▽
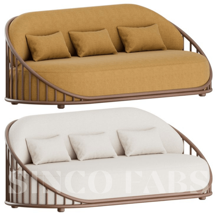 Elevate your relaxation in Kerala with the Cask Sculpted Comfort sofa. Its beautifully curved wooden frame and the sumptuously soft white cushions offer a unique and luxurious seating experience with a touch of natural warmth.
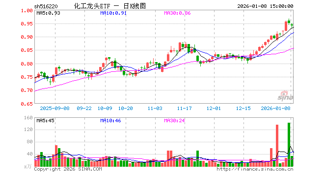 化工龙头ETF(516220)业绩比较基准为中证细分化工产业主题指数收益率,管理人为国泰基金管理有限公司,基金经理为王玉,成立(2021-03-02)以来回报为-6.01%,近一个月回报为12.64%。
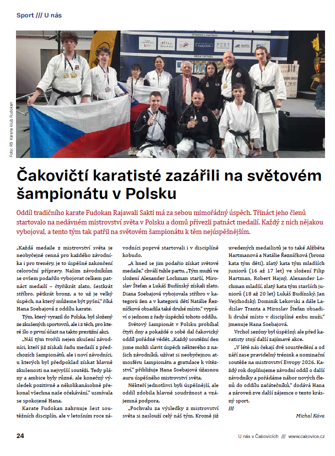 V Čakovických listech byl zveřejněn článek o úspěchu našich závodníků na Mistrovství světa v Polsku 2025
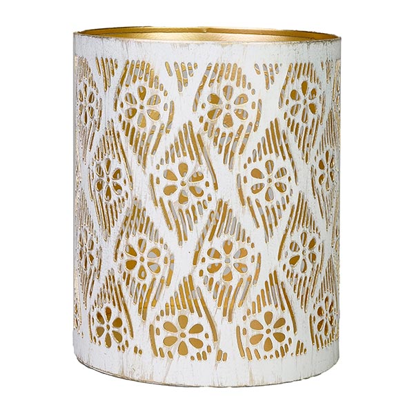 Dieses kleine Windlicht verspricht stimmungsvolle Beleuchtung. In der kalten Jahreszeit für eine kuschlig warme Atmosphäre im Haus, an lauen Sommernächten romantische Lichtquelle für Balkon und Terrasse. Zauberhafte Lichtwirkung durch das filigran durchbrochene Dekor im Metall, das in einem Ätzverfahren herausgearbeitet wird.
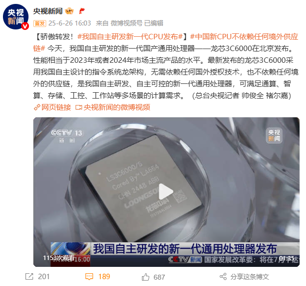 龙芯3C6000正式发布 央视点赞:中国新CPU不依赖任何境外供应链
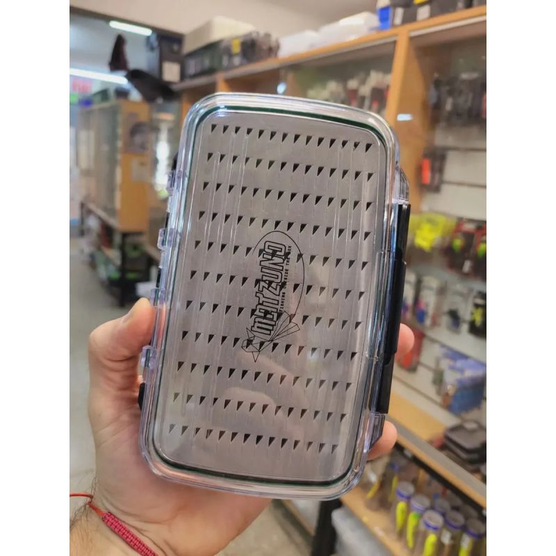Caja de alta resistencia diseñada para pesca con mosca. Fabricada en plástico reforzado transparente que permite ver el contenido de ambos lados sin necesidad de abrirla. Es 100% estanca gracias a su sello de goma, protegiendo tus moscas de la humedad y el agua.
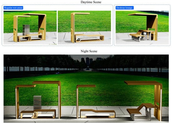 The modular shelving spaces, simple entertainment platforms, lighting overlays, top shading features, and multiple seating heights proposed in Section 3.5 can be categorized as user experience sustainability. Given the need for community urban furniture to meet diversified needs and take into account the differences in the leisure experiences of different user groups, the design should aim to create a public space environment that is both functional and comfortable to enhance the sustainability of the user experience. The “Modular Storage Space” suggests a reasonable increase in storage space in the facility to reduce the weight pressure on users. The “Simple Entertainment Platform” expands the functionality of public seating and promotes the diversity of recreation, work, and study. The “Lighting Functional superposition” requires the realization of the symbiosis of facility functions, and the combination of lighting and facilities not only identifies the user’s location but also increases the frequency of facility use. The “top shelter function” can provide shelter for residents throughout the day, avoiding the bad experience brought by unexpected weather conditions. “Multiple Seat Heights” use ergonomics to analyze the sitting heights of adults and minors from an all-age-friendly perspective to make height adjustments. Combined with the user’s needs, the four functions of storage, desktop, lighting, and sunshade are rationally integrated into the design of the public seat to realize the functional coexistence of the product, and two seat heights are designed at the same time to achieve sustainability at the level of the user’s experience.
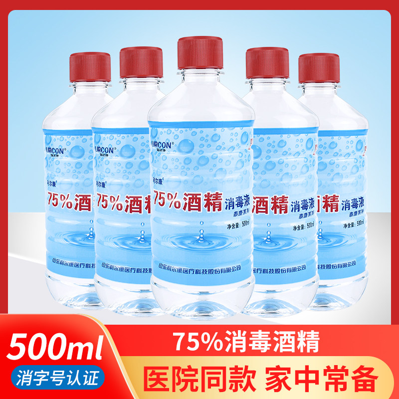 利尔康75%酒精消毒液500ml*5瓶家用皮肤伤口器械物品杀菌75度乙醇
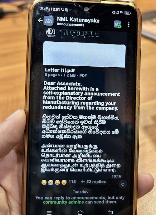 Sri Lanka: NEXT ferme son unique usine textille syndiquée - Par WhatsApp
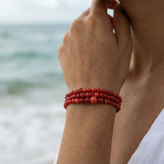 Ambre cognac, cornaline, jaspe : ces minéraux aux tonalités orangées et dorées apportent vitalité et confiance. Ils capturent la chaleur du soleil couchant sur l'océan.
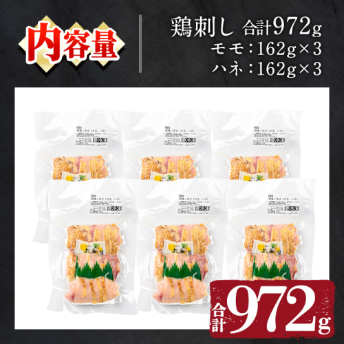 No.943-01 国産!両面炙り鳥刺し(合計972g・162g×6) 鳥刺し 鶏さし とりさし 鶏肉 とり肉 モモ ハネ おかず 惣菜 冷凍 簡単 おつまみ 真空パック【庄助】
△
▽
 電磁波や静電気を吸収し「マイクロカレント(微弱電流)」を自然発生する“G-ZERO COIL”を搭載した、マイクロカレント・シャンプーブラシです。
△
* Exercise instructions:
Write out exactly the run of lines above that starts at the line containing "The modular shelving" and ends at the line containing "No.943-01 国産!両面炙り鳥刺し(合計972g・162g×6) 鳥刺し". Include both, and leave the pictures out.

* Exercise solution:
 The modular shelving spaces, simple entertainment platforms, lighting overlays, top shading features, and multiple seating heights proposed in Section 3.5 can be categorized as user experience sustainability. Given the need for community urban furniture to meet diversified needs and take into account the differences in the leisure experiences of different user groups, the design should aim to create a public space environment that is both functional and comfortable to enhance the sustainability of the user experience. The “Modular Storage Space” suggests a reasonable increase in storage space in the facility to reduce the weight pressure on users. The “Simple Entertainment Platform” expands the functionality of public seating and promotes the diversity of recreation, work, and study. The “Lighting Functional superposition” requires the realization of the symbiosis of facility functions, and the combination of lighting and facilities not only identifies the user’s location but also increases the frequency of facility use. The “top shelter function” can provide shelter for residents throughout the day, avoiding the bad experience brought by unexpected weather conditions. “Multiple Seat Heights” use ergonomics to analyze the sitting heights of adults and minors from an all-age-friendly perspective to make height adjustments. Combined with the user’s needs, the four functions of storage, desktop, lighting, and sunshade are rationally integrated into the design of the public seat to realize the functional coexistence of the product, and two seat heights are designed at the same time to achieve sustainability at the level of the user’s experience.
 利尔康75%酒精消毒液500ml*5瓶家用皮肤伤口器械物品杀菌75度乙醇
 Sri Lanka: NEXT ferme son unique usine textille syndiquée - Par WhatsApp
 Ambre cognac, cornaline, jaspe : ces minéraux aux tonalités orangées et dorées apportent vitalité et confiance. Ils capturent la chaleur du soleil couchant sur l'océan.
 No.943-01 国産!両面炙り鳥刺し(合計972g・162g×6) 鳥刺し 鶏さし とりさし 鶏肉 とり肉 モモ ハネ おかず 惣菜 冷凍 簡単 おつまみ 真空パック【庄助】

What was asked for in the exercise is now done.